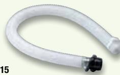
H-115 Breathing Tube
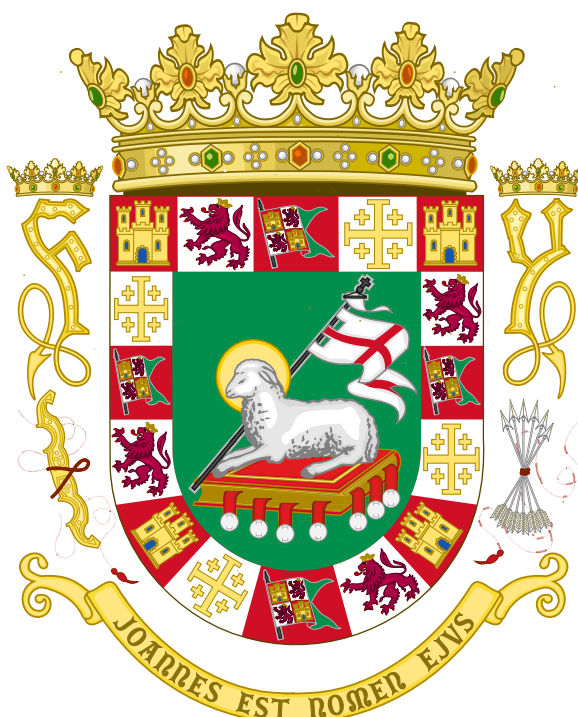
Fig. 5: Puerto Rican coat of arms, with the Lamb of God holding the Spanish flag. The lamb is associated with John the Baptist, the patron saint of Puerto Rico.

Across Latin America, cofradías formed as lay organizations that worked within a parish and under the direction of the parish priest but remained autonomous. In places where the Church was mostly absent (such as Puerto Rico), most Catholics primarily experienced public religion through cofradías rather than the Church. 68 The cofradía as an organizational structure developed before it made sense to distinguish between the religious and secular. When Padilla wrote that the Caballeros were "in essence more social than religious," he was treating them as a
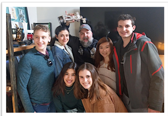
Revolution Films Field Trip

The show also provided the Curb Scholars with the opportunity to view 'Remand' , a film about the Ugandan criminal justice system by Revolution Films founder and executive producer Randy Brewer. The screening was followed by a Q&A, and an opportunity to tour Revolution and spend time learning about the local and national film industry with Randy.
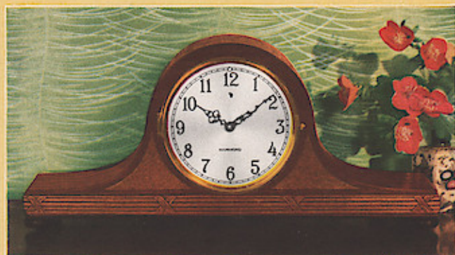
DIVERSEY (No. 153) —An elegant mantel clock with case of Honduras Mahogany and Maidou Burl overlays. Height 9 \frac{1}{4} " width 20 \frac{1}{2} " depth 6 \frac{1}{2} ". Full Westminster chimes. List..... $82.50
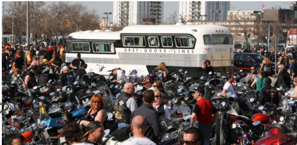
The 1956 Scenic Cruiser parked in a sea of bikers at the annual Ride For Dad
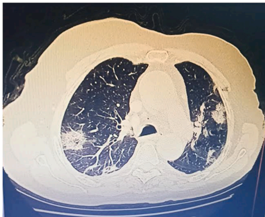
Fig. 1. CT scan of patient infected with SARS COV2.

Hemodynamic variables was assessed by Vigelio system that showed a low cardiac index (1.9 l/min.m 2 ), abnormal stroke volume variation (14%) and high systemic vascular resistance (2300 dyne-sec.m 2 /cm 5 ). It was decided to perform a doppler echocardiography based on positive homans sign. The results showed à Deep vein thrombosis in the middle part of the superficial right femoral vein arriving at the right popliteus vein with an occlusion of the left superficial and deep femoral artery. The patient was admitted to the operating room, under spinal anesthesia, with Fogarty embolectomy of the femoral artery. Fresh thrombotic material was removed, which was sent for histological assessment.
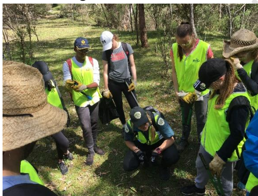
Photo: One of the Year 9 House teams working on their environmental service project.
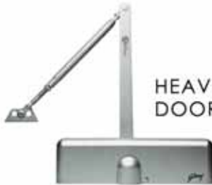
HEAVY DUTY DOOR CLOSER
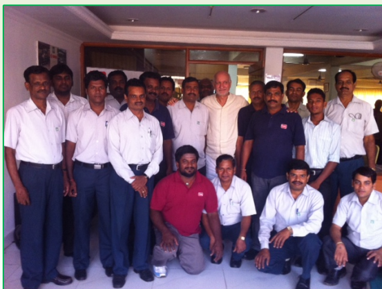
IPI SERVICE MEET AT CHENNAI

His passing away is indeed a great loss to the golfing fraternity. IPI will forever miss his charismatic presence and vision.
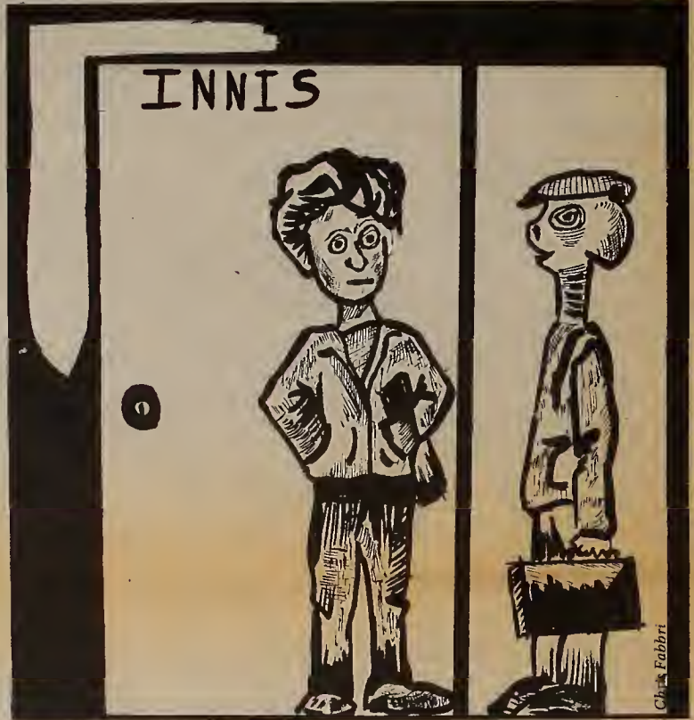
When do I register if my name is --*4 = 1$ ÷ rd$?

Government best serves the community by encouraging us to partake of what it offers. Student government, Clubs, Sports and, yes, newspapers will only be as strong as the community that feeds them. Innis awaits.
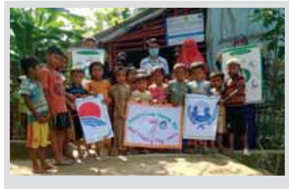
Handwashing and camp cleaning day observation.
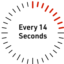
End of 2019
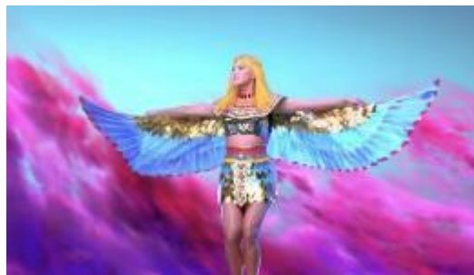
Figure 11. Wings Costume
━━━━━━━━━━━━━━━━━━━━
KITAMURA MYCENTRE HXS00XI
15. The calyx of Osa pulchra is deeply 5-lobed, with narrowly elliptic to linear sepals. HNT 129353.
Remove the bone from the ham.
━━━━━━━━━━━━━━━━━━━━
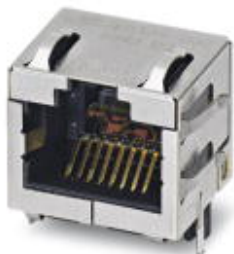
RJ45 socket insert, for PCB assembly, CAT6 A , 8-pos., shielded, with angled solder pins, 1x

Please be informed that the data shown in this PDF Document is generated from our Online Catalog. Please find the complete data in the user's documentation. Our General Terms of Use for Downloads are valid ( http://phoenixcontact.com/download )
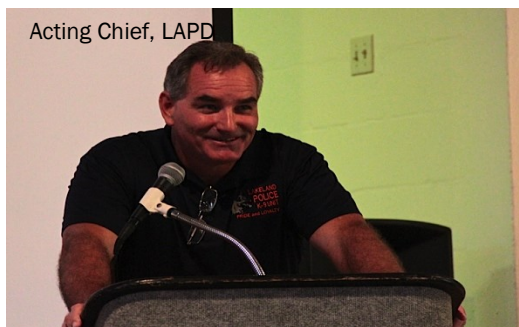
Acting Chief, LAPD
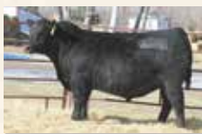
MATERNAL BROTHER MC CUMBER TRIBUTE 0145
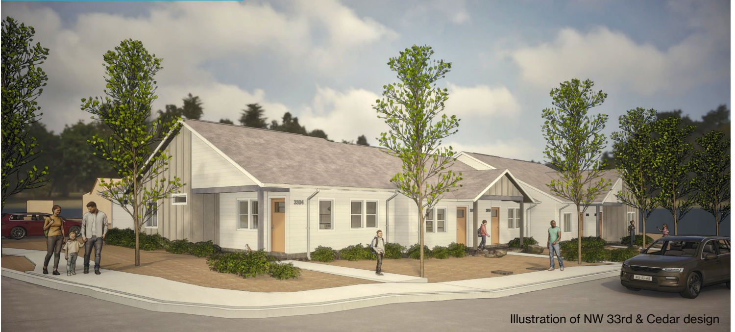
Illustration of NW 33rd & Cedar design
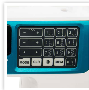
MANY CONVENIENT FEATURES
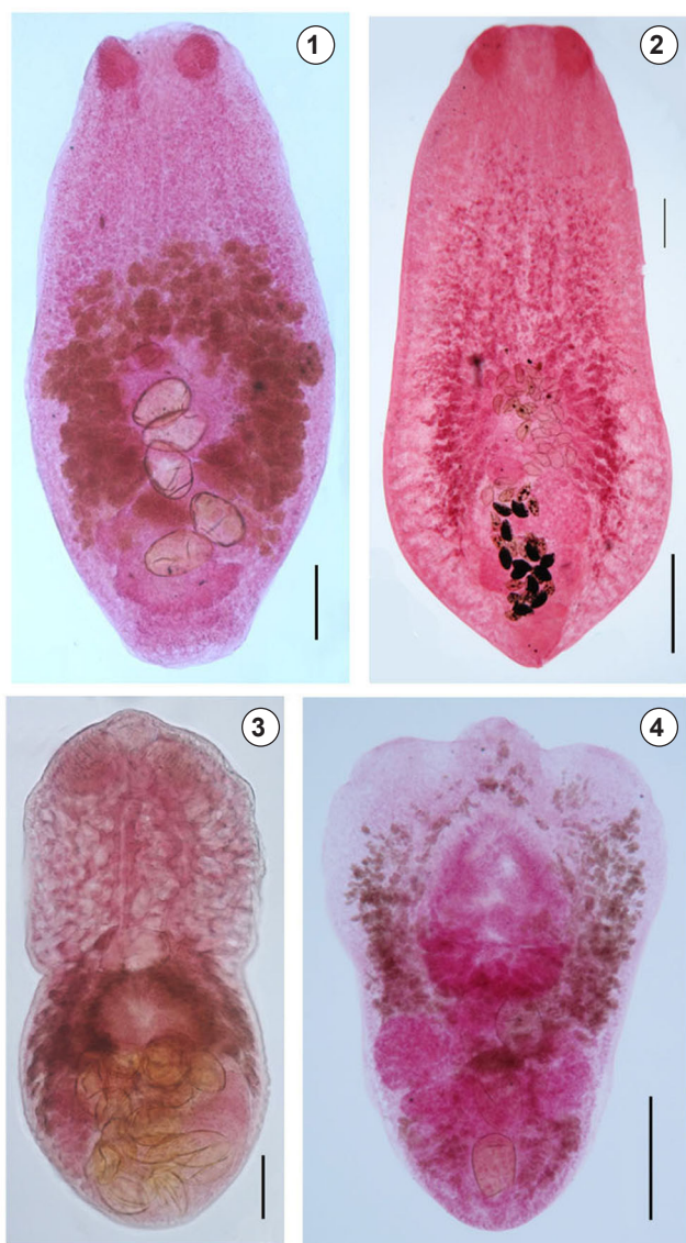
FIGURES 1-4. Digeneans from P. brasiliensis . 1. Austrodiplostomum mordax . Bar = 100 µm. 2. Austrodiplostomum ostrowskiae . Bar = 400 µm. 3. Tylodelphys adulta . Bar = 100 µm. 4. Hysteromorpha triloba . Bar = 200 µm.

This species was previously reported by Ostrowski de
━━━━━━━━━━━━━━━━━━━━
## Problem details
A single number is the answer: how many lines of the material contain "will"?

## Task output
2